Hacker News new | ask | show | jobs
by thehappyfellow 672 days ago
A frequent form of lack of tolerance for risk I’ve seen is not being able to make a speed vs quality trade-off. One example:

We were rolling out a change that had a small risk that we’ll have to manually reboot a couple of machines. The total disruption to business would’ve been less than $10k for sure. I had to fight people who wanted to spend 3 months writing a one-ff tooling lowering the chance of it happening. Madness!

2 comments

Fairly common, especially with mission-critical infrastructure like databases. There's an implicit assumption, by engineers and managers alike, that 100% uptime is the gold standard and anything less is a failure. It takes a rational engineer (in the context of this discussion, usually a "senior") to point out that a) SLAs never promise 100%, b) the rest of the infrastructure that comprises the system has only a few nines of availability anyways, c) the engineering cost of getting from 99.99% to 100% is orders of magnitude higher than getting to 99.999%. In other words: senior engineers should be able to contextualize engineering work and do tradeoff analysis; they provide value not by doing more work but by skipping the expensive, low-impact work.
$10k in lost sales/product during the downtime or $10k + the cost of IT to stand things back up, verify, resync + cost of other departments manually fixing other adjacent things that broke?

People who don't work daily in infra tend to not understand that downtime like that can have massive ripple effects. That one server, unknown to you, might have tentacles that reach all over the company. It might generate 100 tickets that now need to be verified by various IT personnel over the next few days in addition to their likely already full workload. It might have fucked up backups, DFS, patching cadence etc etc.
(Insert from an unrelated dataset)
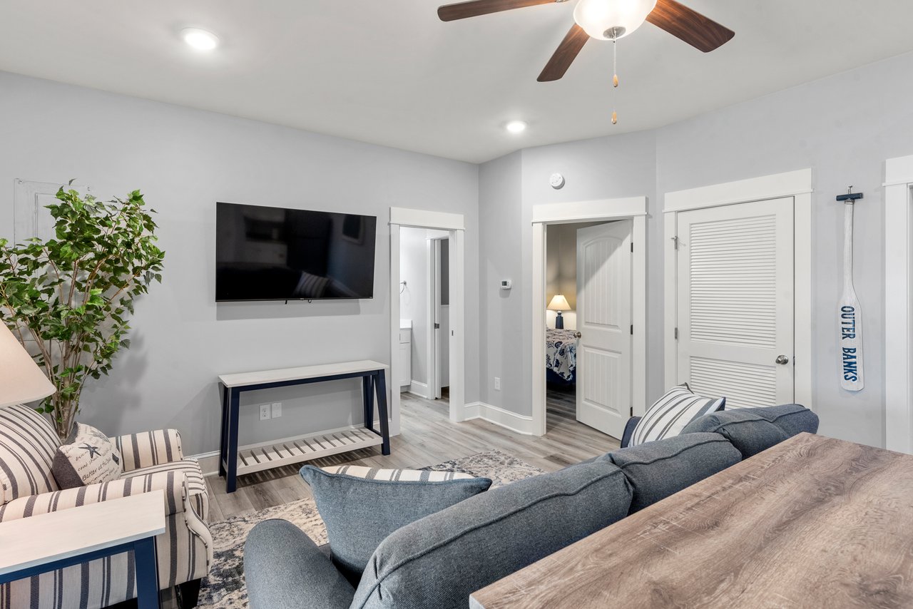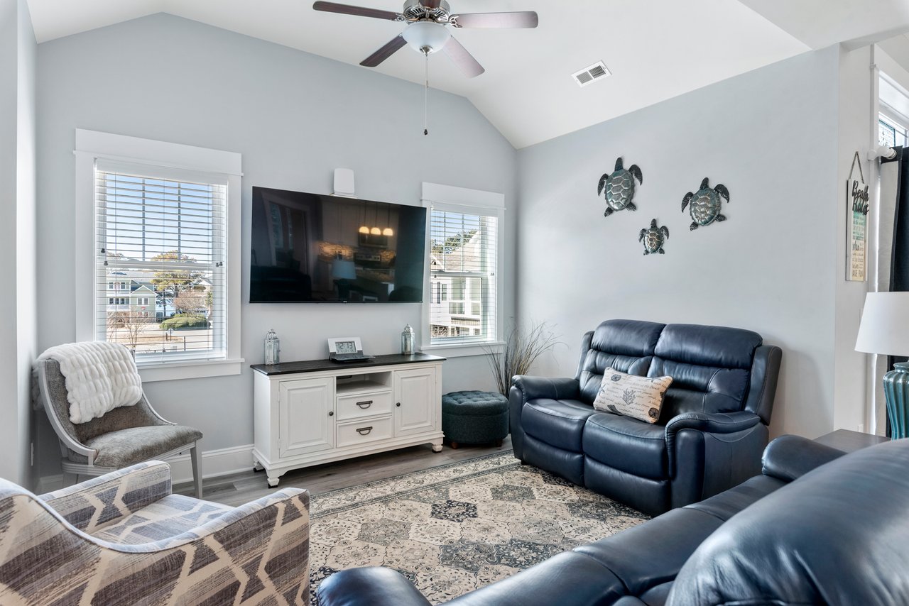 The main level has soaring vaulted ceilings in the open-concept layout. There are two master bedrooms each with glass shower ensuites: the queen has been designed to offer a small working desk and chair: the king boasts a new Serta I-Comfort Hybrid mattress. The great room offers another large 65” smart Roku TV, new leather reclining sofas, and additional seating for the whole family. The new dining area is designed to seat eight, with a bench that offers easy in and out seating. The well-equipped kitchen boasts stainless-steel appliances, granite counters, an island with barstools, huge pantry, and plenty of workspace. Enjoy the gorgeous sunsets on either of the two front decks outfitted with new Nags Head Polywood furniture.

Sure, the approach I advocated for can have much worse consequences in general. However, in this particular case it was ~impossible for the outage to get that costly - we operated the servers and knew the blast radius. My estimate was for the total cost.

Also, 2 engineers working for 3 months cost a ton of money, not even counting for the opportunity cost of other things they could’ve been doing. If the potential outage cost was closer to $100k I’d likely stick with my decision.